In stage 1, your body is relaxing, slowing your heart rate, lowers your body temperature and your body is being prepared to enter a deep sleep.

Stage 2 takes your body to a deeper level of what occurs in stage 1. There is a deeper relaxation of your muscles, more of a decrease in body temperature and your body starts sending blood flow and oxygen to your organs and limbs to restore your body from a long day. By the end of this stage you are completely asleep. You have entered into NREM sleep (non-rapid eye movement)

Stage 3 your body slips into an even deeper sleep and your metabolic levels have slowed down drastically (ie - your heart rate and breathing).

Stage 4 is when you enter the REM stage (rapid-eye movement). To a person awake watching someone in this stage, it appears as if they are watching things from under their eyelids. During this time your respiration increase, as does your blood pressure as well. Your brain activity also increases and can be erratic at times. Your muscles are put into a paralytic stage and this is the most restorative stage of sleep. BUT... if you are woken up during this stage, you are more likely to remember detailed memories of whatever you are dreaming about.

Often as you look back through your dream journal, you will most likely laugh as you read entries of silly descriptions.
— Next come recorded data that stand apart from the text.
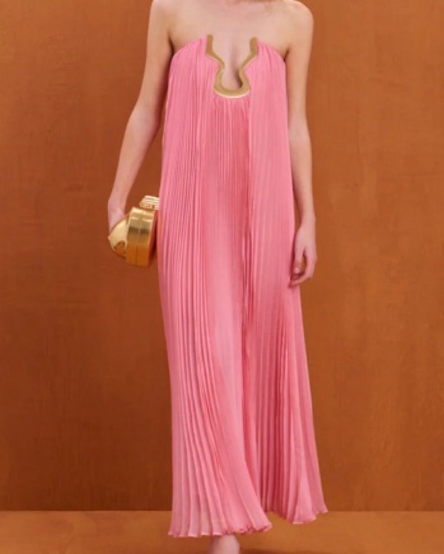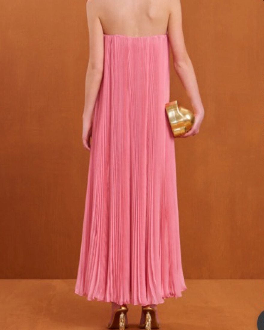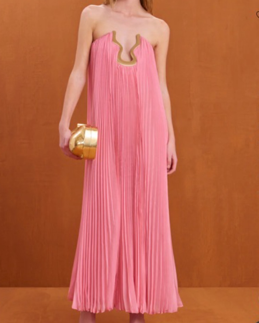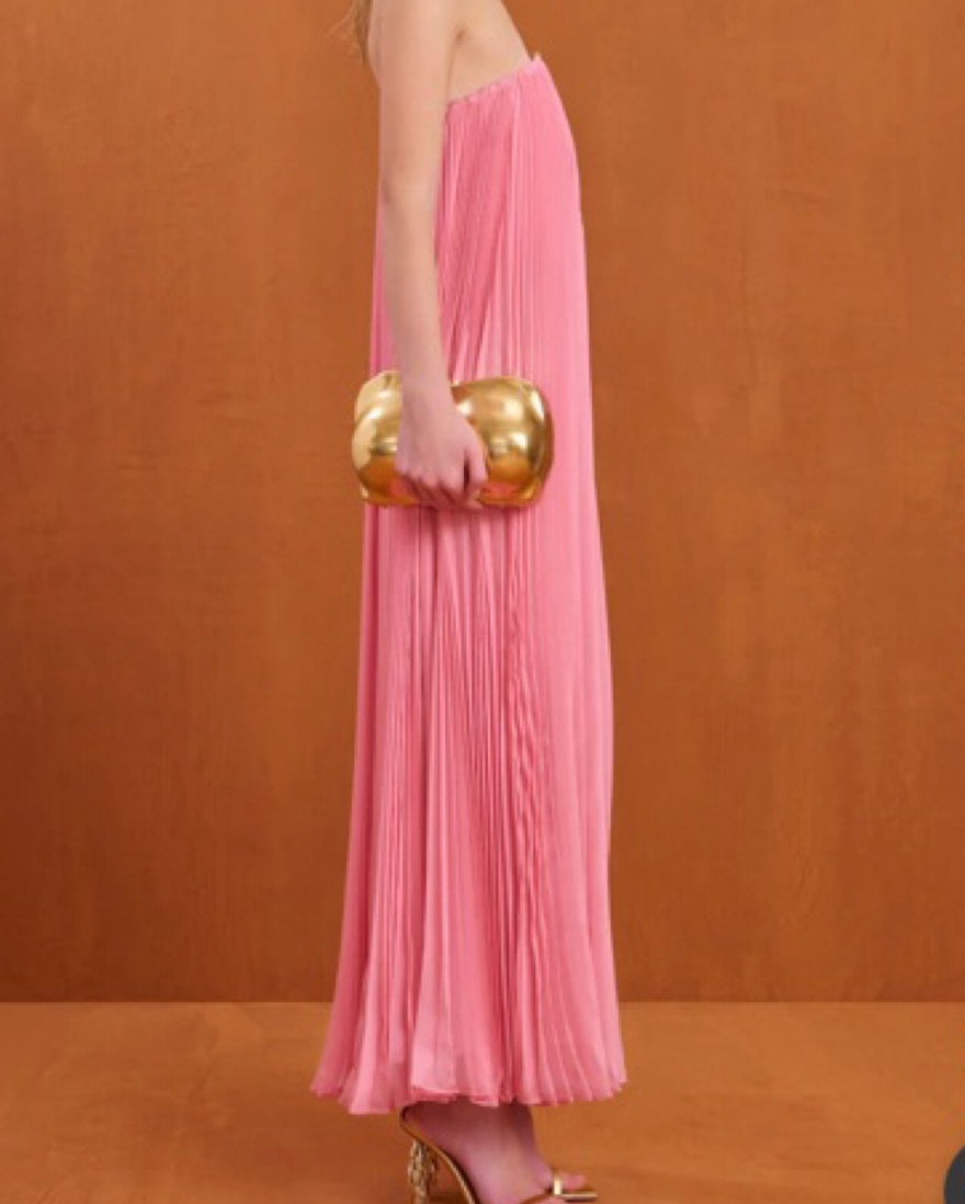 NEVER WORN. Size 00 strapless, flowy plissé maxi dress with an adjustable gold toned hardware cutout at the center bust.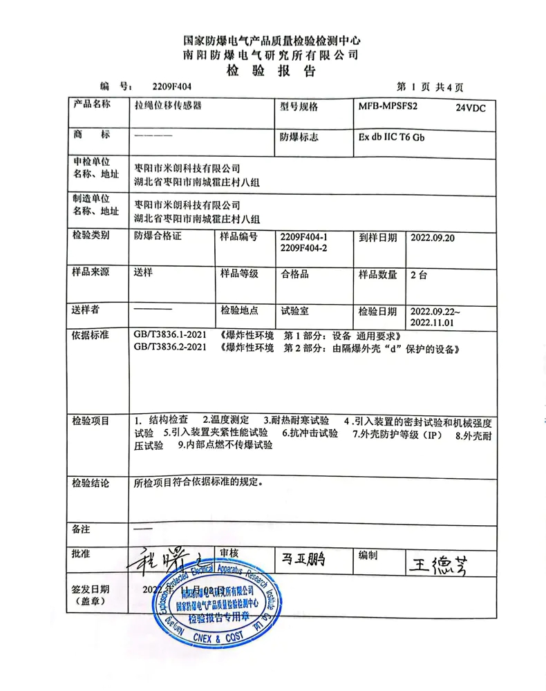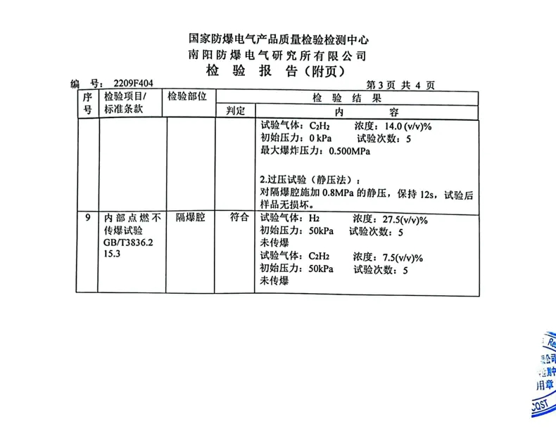 經(jīng)對上述產(chǎn)品圖樣及技術(shù)文件的審查和樣品檢驗,確認(rèn)符合下列標(biāo)準(zhǔn):GB/T3836.1- 2021《爆炸性環(huán)境第1部分:設(shè)備通用要求》,GB/T3836.2- -2021《爆炸性環(huán)境 第2部分:由隔爆外殼"d"保護(hù)的設(shè)備》。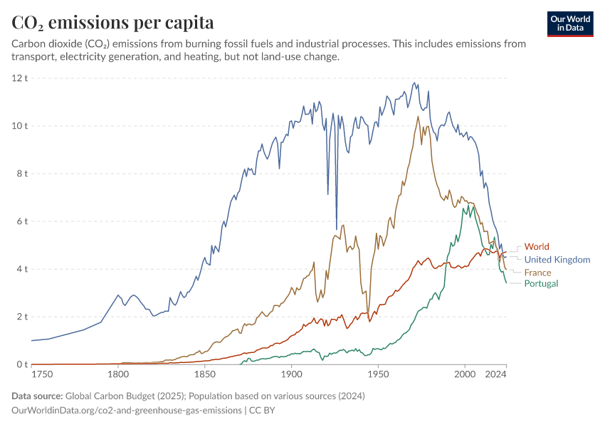 “Data Page: CO₂ emissions per capita”, part of the following publication: Hannah Ritchie, Pablo Rosado, and Max Roser (2023) - “CO₂ and Greenhouse Gas Emissions”. Data adapted from Global Carbon Project, Various sources. Retrieved from https://update-wdi-2026-02-27.owid.pages.dev:8789/20260119-070102/grapher/co-emissions-per-capita.html [online resource] (archived on January 19, 2026).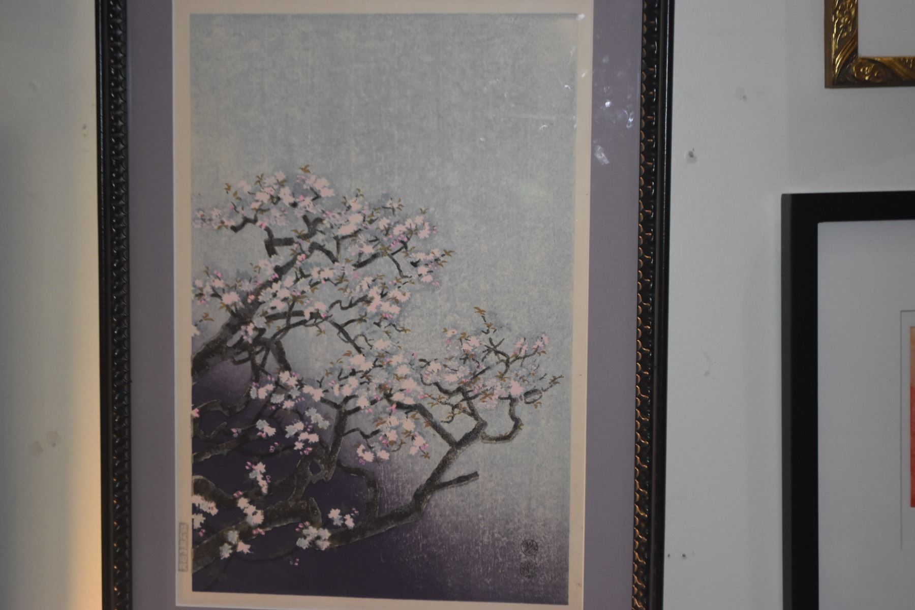 FRAMED WOODBLOCK PRINT, "CHERRY BLOSSOMS" BY EICHI KOTOZUKA (15 1/2" X 21")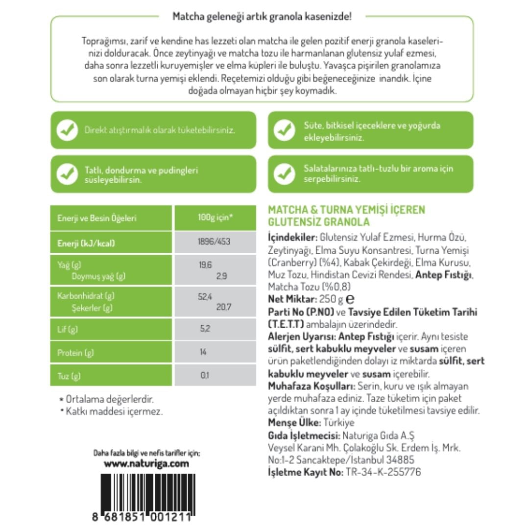 Düşük ısılarda fırınlanan (120 derece altında) ve elma suyu konsantresi ve muz püresi ile tatlandırılan Matchalı granolamız GLUTEN içermez.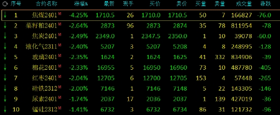 午盤收盤,國內(nèi)期貨主力合約多數(shù)下跌,雙焦期貨午后跳水,焦煤(1721, -12.00, -0.69%)跌超4%,焦炭(2362, -3.00, -0.13%)、菜粕、液化石油氣(LPG)、棉花(16870, -175.00, -1.03%)、玻璃(1632, -4.00, -0.24%)、紅棗(12865, 155.00, 1.22%)跌超2%,尿素跌近2%。漲幅方面,20號膠(NR)漲超2%,碳酸鋰、橡膠(14535, 375.00, 2.65%)、氧化鋁漲近2%。
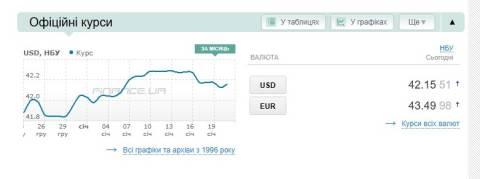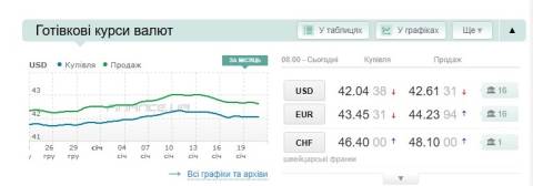 Сьогодні, 21 січня, середній готівковий курс долара становить 42,61 гривні у продажу та 42,04 гривні в купівлі, а євро – 44,23 гривні у продажу та 43,45 гривні у купівлі.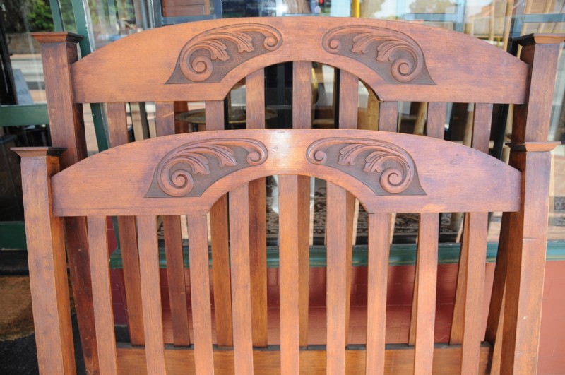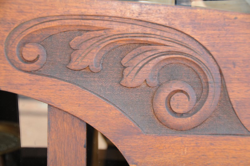 An Australiana king single bed constructed from Black wood. The head and foot are slatted with square sectioned posts each terminating with a cap. The top rails are arched and have scrolling carved opposing acanthus leaf design. We have the side rails, the restored price includes slats. Size: – 148cm high at the head and 127cm at the foot x 122cm wide.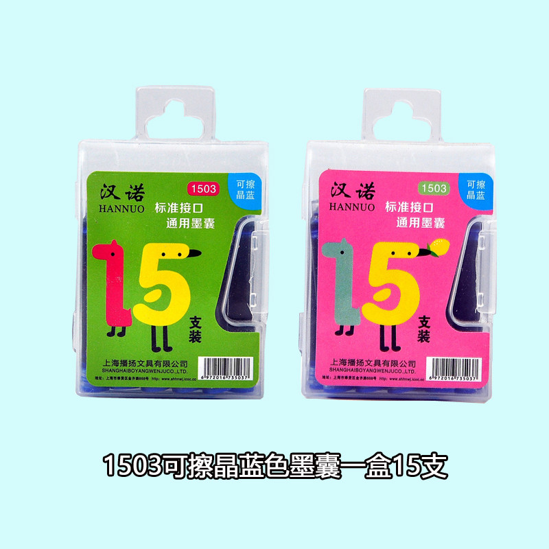 汉诺1504蓝黑色钢笔通用墨囊1503可擦晶蓝色3.4mm黑色粗墨胆批发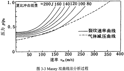 雙曲線法的具體分析過程如圖3-3所示,坐標橫軸表示速度,縱軸表示氣體壓力或環(huán)向應力。上方的一組曲線表征不同韌性水平下的斷裂速度,是內壓或環(huán)向應力的函數(shù)。隨著內壓或環(huán)向應力在斷裂過程中的減小,斷裂速度不斷降低。如果壓力或應力足夠低,斷裂速度即減小到零而發(fā)生止裂。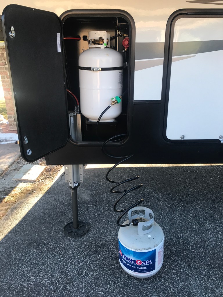 But first, I want to get as much heat as possible in there, and be comfortable, during load in. In the 20’s electric is not enough so (for now) the furnace needs to be running. But, I usually top off my two 30 pound gas bottles (there’s room to fit 40 pounders in there but that is going to take some grinding and welding) and I don’t want to use any of that before we leave. So I got this extension hose that fits on the hose that’s on the bottles in there, and I run 20 pounders (plenty of those in stock)………

But, you can also weed out the silly parts and see what is truly on your mind.

There will be times where you might not understand the significance of an appearance of someone or something that catches your interest. That is where books of dream analysis can be helpful... to a degree. There are as many books out there on dream analysis as there are peanuts on Jimmy Carter's farm. So, take your time when selecting a book if you are going to purchase one. Don't just grab one off the shelf because of the pretty picture on the front. And, thumb through the pages to ensure that you are not getting a generic translation with no explanations as to what could trigger these particular images that you are trying to identify.

Finally, with this information in hand, please have happy sleeping, happy dreaming and happy journaling.